§ Excerpts from a dataset:
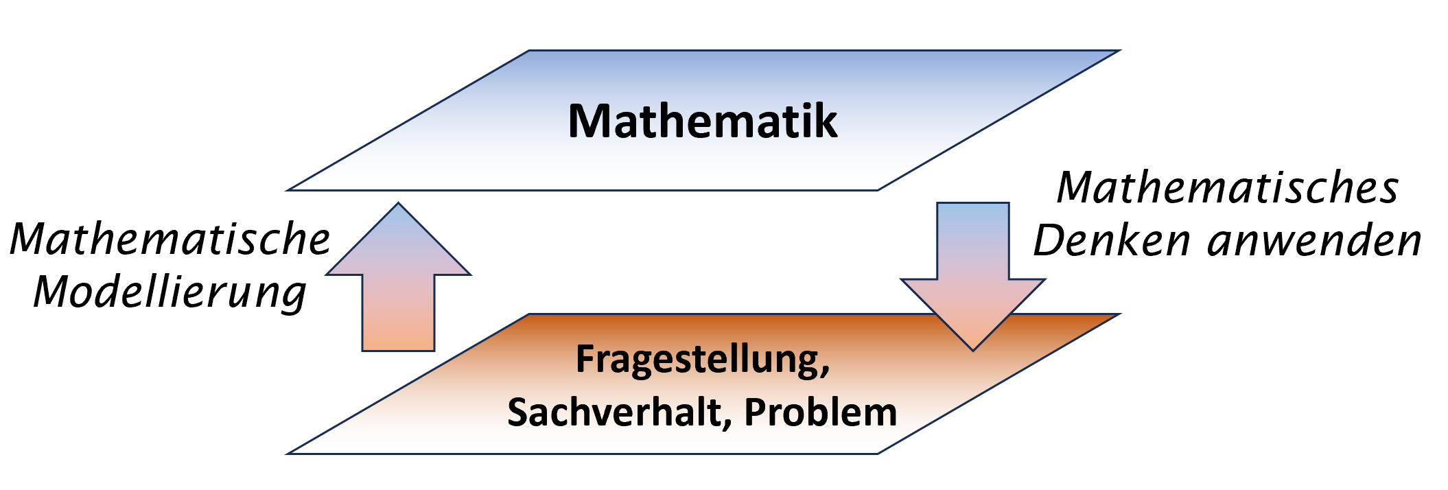 Mathematik als unabhängige Disziplin kann idealerweise in einer eigenen Welt/Ebene dargestellt werden. Die Verbindungen zur realen Welt können dann wie folgt visualisiert und beschrieben werden:
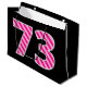 Den ena sidan av den här roligten och den enkla presentsäcksdesignen med födelsedagstext har ett stort nummer "73" med mörkens rosa och ljusa rosa rand mönster. Den andra sidan har hälsning-födelsedagstexten "Lycklig 73:e födelsedagen" och ett redigerbart namn, båda i gultens färgad. Bakgrunden är svart på färgad. En presentpåse som denna kan användas när man slår in presenter eller ger gåvor till någon som firar sin sjuttiotredje födelsedag. [~Z0000378]
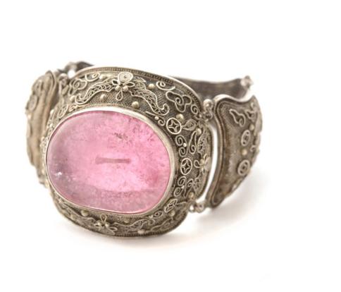 Featuring one ovoid shaped tourmaline segment measuring approximately 24 x 32 mm, set in an Asian silver, filigree mounting, completed by a tongue and groove clasp with safety chain, forming a 7 1/4 inch bracelet. {Gross Weight: 43.2 dwts}
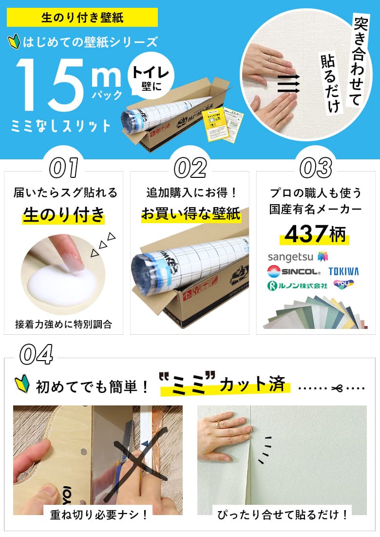スリット壁紙 ミミなし のり付き壁紙 15 mパック+施工説明書
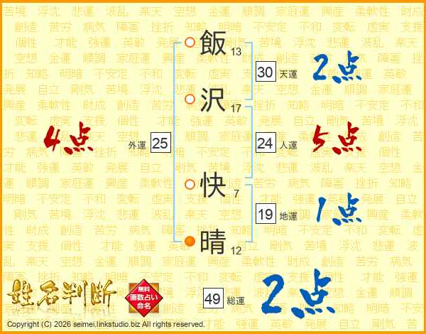 飯(13画)沢(17画) 快(7画)晴(12画)
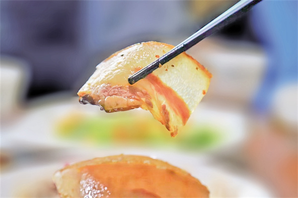 嵐皋臘味堪稱時間雕刻的藝術(shù),四季鎮(zhèn)的楊家院子里,當(dāng)?shù)孛考颐繎羧杂霉欧缰?ldquo;倒掛金鉤”。將土豬肉抹上花椒、橘子皮與苞谷酒,在巴山夜雨的潮潤與三冬暖陽的干燥間交替風(fēng)干三年。切片蒸熟的臘肉晶瑩剔透,肥瘦相間,咸香中暗藏果木幽香,入口爽嫩宜人,配以土灶新蒸的洋芋米飯,便是客路游子最深的鄉(xiāng)愁。小城的街頭同樣藏著流動的盛宴,冬日里挑擔(dān)叫賣的“烤紅薯”;北門坡老金家木槌現(xiàn)打的糯米飯團(tuán),在炭火上炙烤,待表面焦脆后填入芝麻糖餡;老菜市場樹蔭下的“漿巴饃”攤前,玉米漿發(fā)酵的酸香混著桐葉清香,勾住每個過路人的腳步。這些市井美味,構(gòu)成了嵐皋人記憶里的坐標(biāo)。
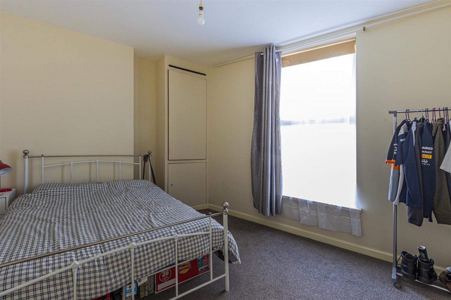 A large double bedroom to the side elevation with a double glazed window, carpeted flooring and radiator. Cupboard housing the combi boiler which we are informed is approximately 6 years old has been regularly serviced
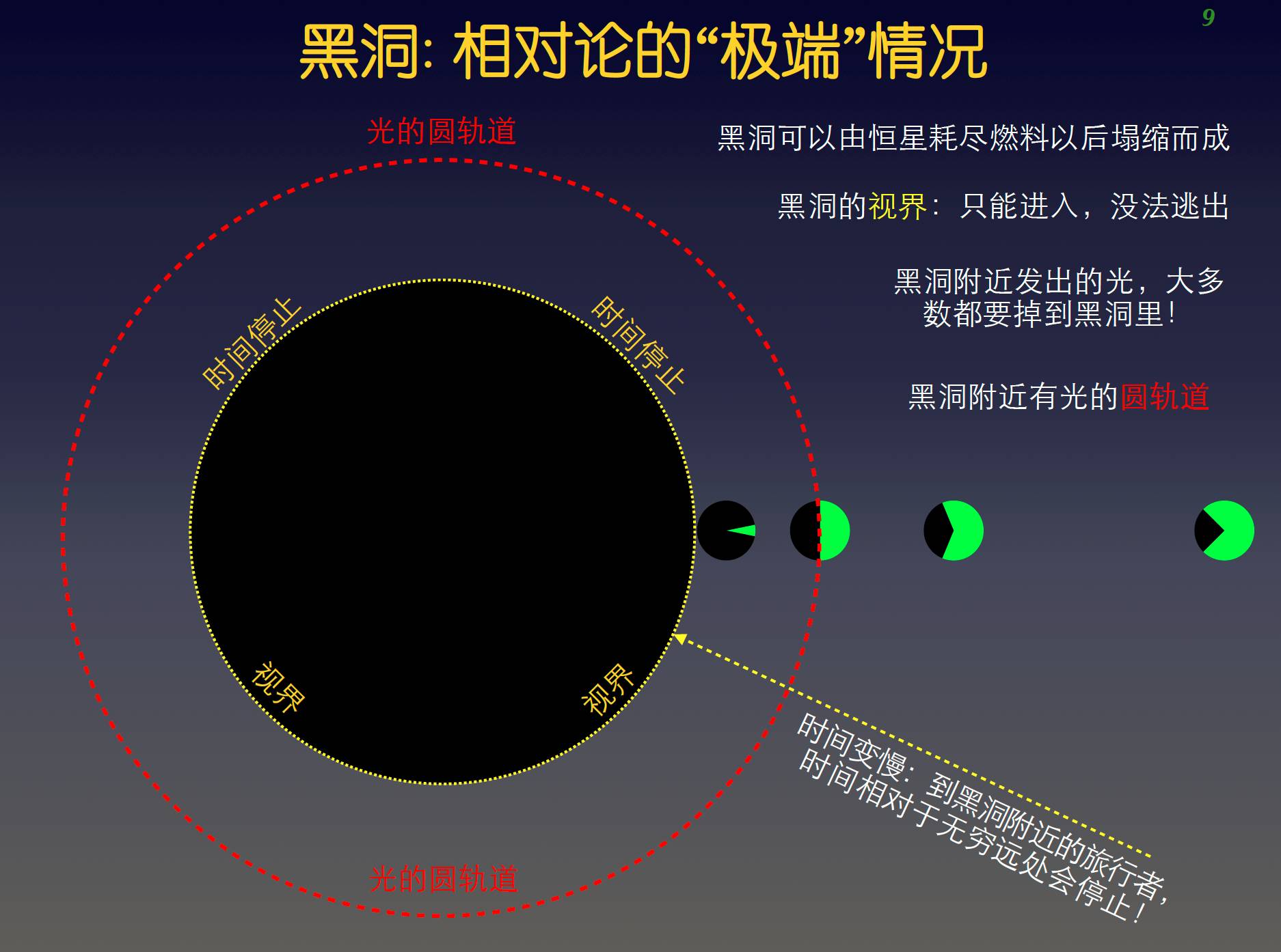 在数学上,黑洞的时空有很多奇妙的结构。比如,黑洞有一个叫做“视界”的结构。在“时空图”上,视界把时空分成两部分,一部分是可以和远处联系的,而另一部分,是无法和远处联系的。当星体塌缩成黑洞时,坐在星体表面的观测者会穿过黑洞的视界,而站在外面的观测者,则不会看到星体表面的观测者穿过视界,只是看到他的运动越来越慢,像是被“冻结”在视界表面。
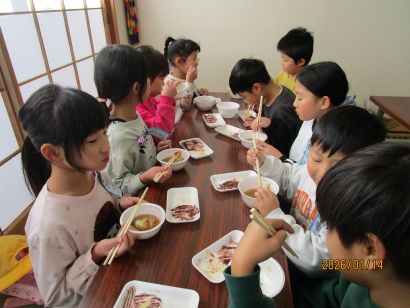 あんこ・きなこ・お雑煮でつきたてをいただきました。おいしすぎておかわり続出~!
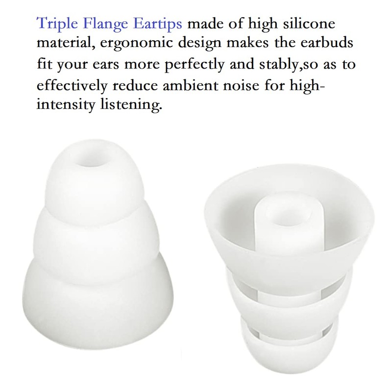 • Package Includes: 9 Pairs(S/M/L)Replacement Triple Flange Conical Ear Tips;1 Pcs Blue Cleaning Cloth;A Plastic Box for Eartips(Earbuds Only ,Earphones Not Included).
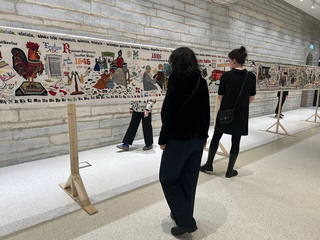 Piltvaip kui võimalus rääkida lugu ja talletada sündmusi pole enneolematu – ajaloo kuulsaim näide on 11.-12. sajandil valminud Bayeux' vaip, mille 70 meetri pikkusele kangale on tikitud stseenid mis kujutavad Inglismaa vallutamist normannide poolt. Mõtte tähistada eesti raamatu 500-aastast ajalugu piltvaibaga, mille valmimisel saaksid kaasa lüüa kõik eestimaalased, käis välja Mart Jagomägi. Krista Aru ettepanekul kaasati idee teostamisse Kõrgema Kunstikooli Pallas tekstiiliosakond ning tudengid kujundasid vaibale Eesti raamatuajaloo tippsündmuste kirjelduste põhjal tiheda pildirea (juhendaja Marju Roos, Aet Ollisaar).
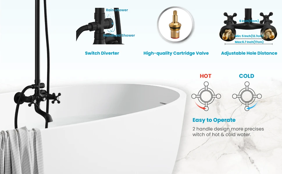 【Adjustable Adapter】: The hole distance on the wall is 5.9 inch(15 cm) around,coming with adjustable adapter(Npt 1/2“) to allow the shower faucet installation hole distance between 5 inch - 6.6 inch (13cm-17cm);which is easier for installation.
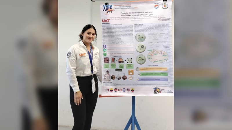 El proyecto, titulado “Potencial antimicrobiano de extractos de vaina de mezquite (Prosopis spp.)”, fue presentado por la estudiante universitaria en el Congreso Internacional del Verano de la Investigación Científica y Tecnológica del Pacífico 2024, celebrado en Nuevo Vallarta, Nayarit.
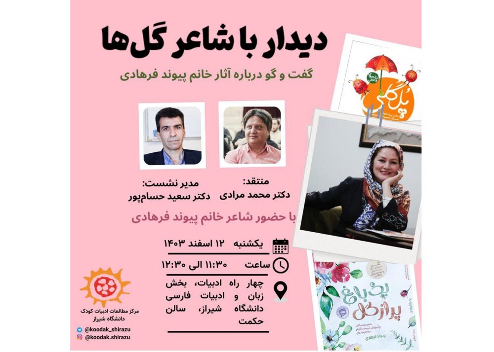 نشست دیدار با شاعر گلها روز یکشنبه ۱۲ اسفندماه از ساعت ۱۱:۳۰ در سالن حکمت دانشگاه شیراز برگزار خواهد شد و حضور علاقهمندان در این جلسه آزاد و رایگان است.
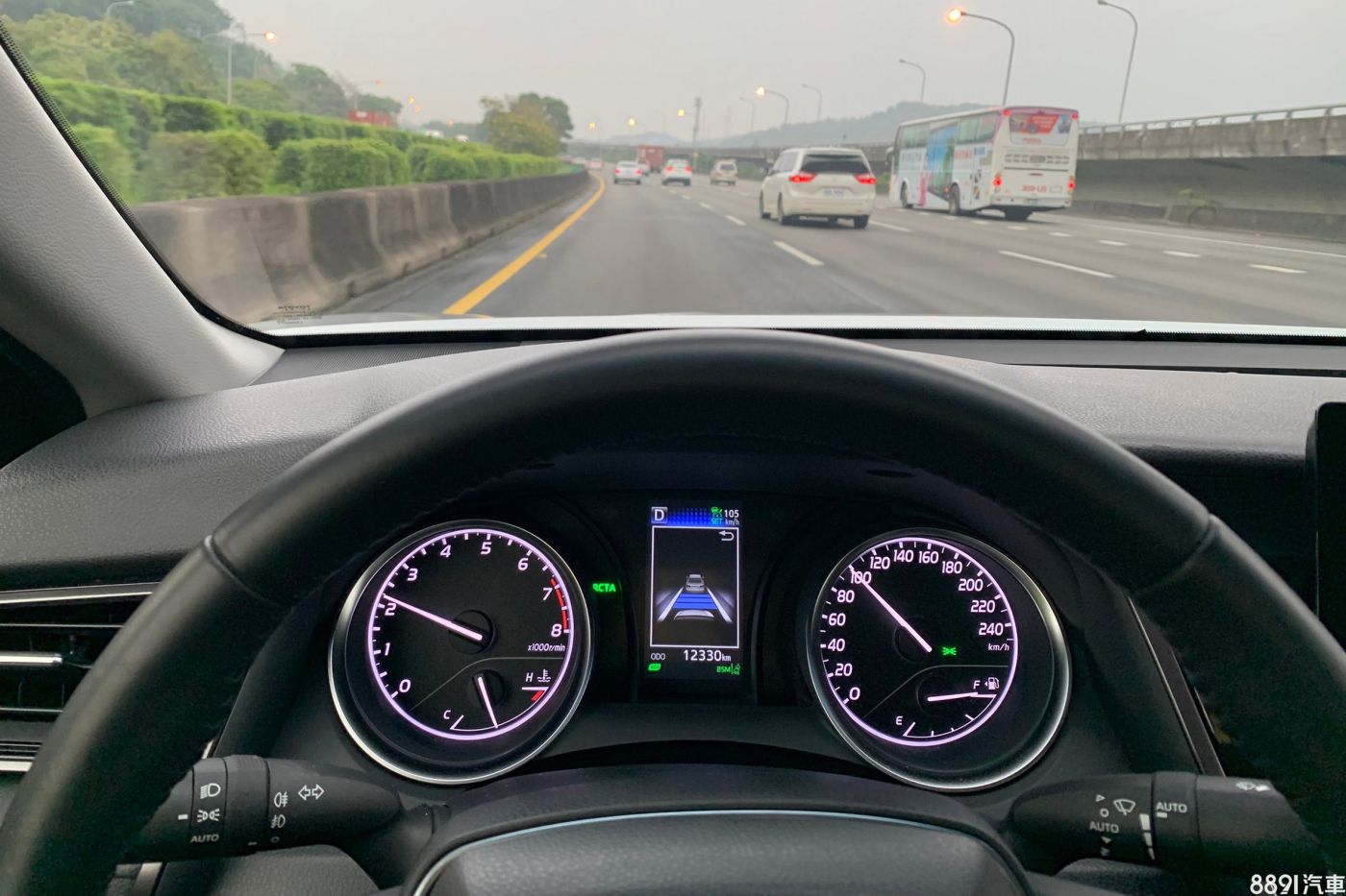 有了全速域跟車的輔助後,在枯燥乏味的長途車程中減低不少駕駛人的負擔,把跟車距離設定至最大距離是最舒服的(上圖為最大跟車距離),比較不會驟停也不會急加速,即使有人插隊進來,車子也不會突然急煞車。
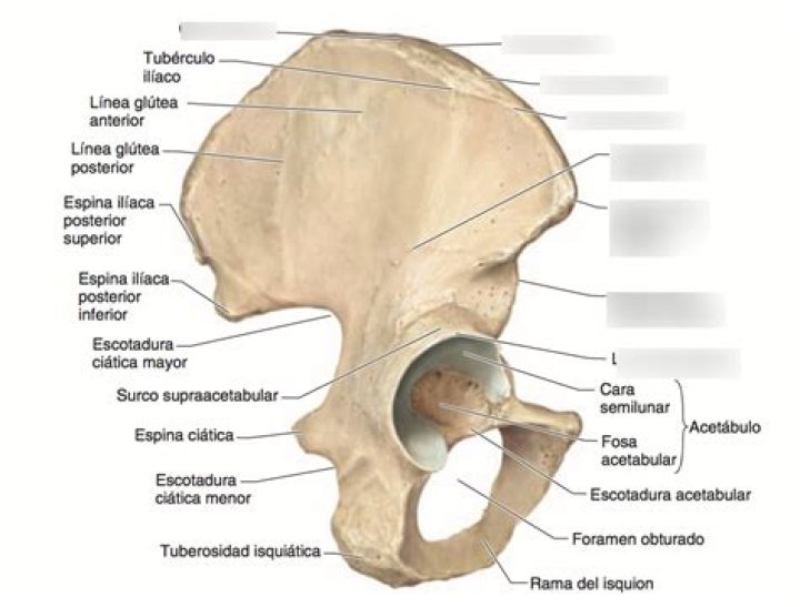 m. Hueso plano que conecta el sacro con el fémur y une así el tronco a la extremidad inferior. Se compone de tres partes: ilion izquierdo, pubis y huesos independientes unidos en el adulto en la cavidad acetabular por el cartílago trirradiado formando un solo hueso.

§ Task description: Print the records exactly, every one. Leave out the pictures.

§ Response:
 Mathematik als unabhängige Disziplin kann idealerweise in einer eigenen Welt/Ebene dargestellt werden. Die Verbindungen zur realen Welt können dann wie folgt visualisiert und beschrieben werden:
 Den ena sidan av den här roligten och den enkla presentsäcksdesignen med födelsedagstext har ett stort nummer "73" med mörkens rosa och ljusa rosa rand mönster. Den andra sidan har hälsning-födelsedagstexten "Lycklig 73:e födelsedagen" och ett redigerbart namn, båda i gultens färgad. Bakgrunden är svart på färgad. En presentpåse som denna kan användas när man slår in presenter eller ger gåvor till någon som firar sin sjuttiotredje födelsedag. [~Z0000378]
 Featuring one ovoid shaped tourmaline segment measuring approximately 24 x 32 mm, set in an Asian silver, filigree mounting, completed by a tongue and groove clasp with safety chain, forming a 7 1/4 inch bracelet. {Gross Weight: 43.2 dwts}
スリット壁紙 ミミなし のり付き壁紙 15 mパック+施工説明書
 飯(13画)沢(17画) 快(7画)晴(12画)
 嵐皋臘味堪稱時間雕刻的藝術(shù),四季鎮(zhèn)的楊家院子里,當(dāng)?shù)孛考颐繎羧杂霉欧缰?ldquo;倒掛金鉤”。將土豬肉抹上花椒、橘子皮與苞谷酒,在巴山夜雨的潮潤與三冬暖陽的干燥間交替風(fēng)干三年。切片蒸熟的臘肉晶瑩剔透,肥瘦相間,咸香中暗藏果木幽香,入口爽嫩宜人,配以土灶新蒸的洋芋米飯,便是客路游子最深的鄉(xiāng)愁。小城的街頭同樣藏著流動的盛宴,冬日里挑擔(dān)叫賣的“烤紅薯”;北門坡老金家木槌現(xiàn)打的糯米飯團(tuán),在炭火上炙烤,待表面焦脆后填入芝麻糖餡;老菜市場樹蔭下的“漿巴饃”攤前,玉米漿發(fā)酵的酸香混著桐葉清香,勾住每個過路人的腳步。這些市井美味,構(gòu)成了嵐皋人記憶里的坐標(biāo)。
 A large double bedroom to the side elevation with a double glazed window, carpeted flooring and radiator. Cupboard housing the combi boiler which we are informed is approximately 6 years old has been regularly serviced
 在数学上,黑洞的时空有很多奇妙的结构。比如,黑洞有一个叫做“视界”的结构。在“时空图”上,视界把时空分成两部分,一部分是可以和远处联系的,而另一部分,是无法和远处联系的。当星体塌缩成黑洞时,坐在星体表面的观测者会穿过黑洞的视界,而站在外面的观测者,则不会看到星体表面的观测者穿过视界,只是看到他的运动越来越慢,像是被“冻结”在视界表面。
 あんこ・きなこ・お雑煮でつきたてをいただきました。おいしすぎておかわり続出~!
 • Package Includes: 9 Pairs(S/M/L)Replacement Triple Flange Conical Ear Tips;1 Pcs Blue Cleaning Cloth;A Plastic Box for Eartips(Earbuds Only ,Earphones Not Included).
 Piltvaip kui võimalus rääkida lugu ja talletada sündmusi pole enneolematu – ajaloo kuulsaim näide on 11.-12. sajandil valminud Bayeux' vaip, mille 70 meetri pikkusele kangale on tikitud stseenid mis kujutavad Inglismaa vallutamist normannide poolt. Mõtte tähistada eesti raamatu 500-aastast ajalugu piltvaibaga, mille valmimisel saaksid kaasa lüüa kõik eestimaalased, käis välja Mart Jagomägi. Krista Aru ettepanekul kaasati idee teostamisse Kõrgema Kunstikooli Pallas tekstiiliosakond ning tudengid kujundasid vaibale Eesti raamatuajaloo tippsündmuste kirjelduste põhjal tiheda pildirea (juhendaja Marju Roos, Aet Ollisaar).
 【Adjustable Adapter】: The hole distance on the wall is 5.9 inch(15 cm) around,coming with adjustable adapter(Npt 1/2“) to allow the shower faucet installation hole distance between 5 inch - 6.6 inch (13cm-17cm);which is easier for installation.
 El proyecto, titulado “Potencial antimicrobiano de extractos de vaina de mezquite (Prosopis spp.)”, fue presentado por la estudiante universitaria en el Congreso Internacional del Verano de la Investigación Científica y Tecnológica del Pacífico 2024, celebrado en Nuevo Vallarta, Nayarit.
 نشست دیدار با شاعر گلها روز یکشنبه ۱۲ اسفندماه از ساعت ۱۱:۳۰ در سالن حکمت دانشگاه شیراز برگزار خواهد شد و حضور علاقهمندان در این جلسه آزاد و رایگان است.
 有了全速域跟車的輔助後,在枯燥乏味的長途車程中減低不少駕駛人的負擔,把跟車距離設定至最大距離是最舒服的(上圖為最大跟車距離),比較不會驟停也不會急加速,即使有人插隊進來,車子也不會突然急煞車。
 m. Hueso plano que conecta el sacro con el fémur y une así el tronco a la extremidad inferior. Se compone de tres partes: ilion izquierdo, pubis y huesos independientes unidos en el adulto en la cavidad acetabular por el cartílago trirradiado formando un solo hueso.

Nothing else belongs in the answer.